● WHAT THE TASK REQUIRES:
Exclude images; transcribe the rest of the data exactly.

● THE DATA:
%%

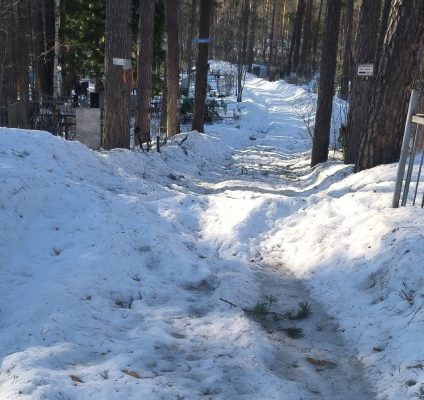 От снега более-менее расчищены только центральные дороги, и то ближе к началу кладбища. Второстепенные же дороги (тоже асфальтовые с указателями, знаками и номерами участков) полностью завалены снегом. В лучшем случае по ним протоптаны тропы.
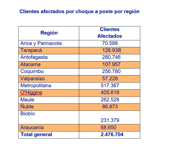 Le sigue la región de O´Higgins, con 407.308 clientes afectados; Antofagasta, con 280.746 clientes; Maule, con un total de 262.528 clientes sin energía producto de choques a poste; Coquimbo, con 256.780 clientes afectados y Biobío con 231.379 clientes con interrupciones de suministro por esta causa.
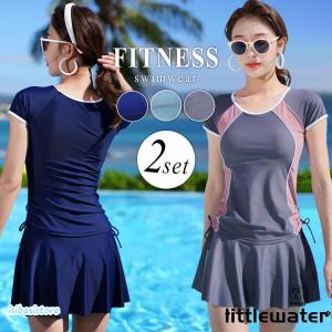 フィットネス水着 レディース セパレート かわいい ママ水着 オトナ女子 露出控えめ 半袖 スポーツウェア ショートパンツ 2点上下セット ラッシュガード
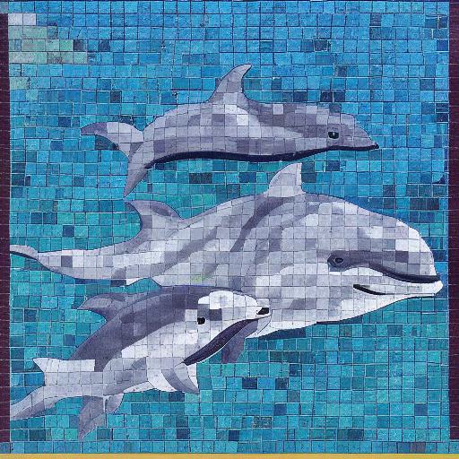 Mosaic of a dolphin in the costal inspired by Charles Ginner

%%

● SOLUTION TO THE EXERCISE:
 От снега более-менее расчищены только центральные дороги, и то ближе к началу кладбища. Второстепенные же дороги (тоже асфальтовые с указателями, знаками и номерами участков) полностью завалены снегом. В лучшем случае по ним протоптаны тропы.
 Le sigue la región de O´Higgins, con 407.308 clientes afectados; Antofagasta, con 280.746 clientes; Maule, con un total de 262.528 clientes sin energía producto de choques a poste; Coquimbo, con 256.780 clientes afectados y Biobío con 231.379 clientes con interrupciones de suministro por esta causa.
 フィットネス水着 レディース セパレート かわいい ママ水着 オトナ女子 露出控えめ 半袖 スポーツウェア ショートパンツ 2点上下セット ラッシュガード
 Mosaic of a dolphin in the costal inspired by Charles Ginner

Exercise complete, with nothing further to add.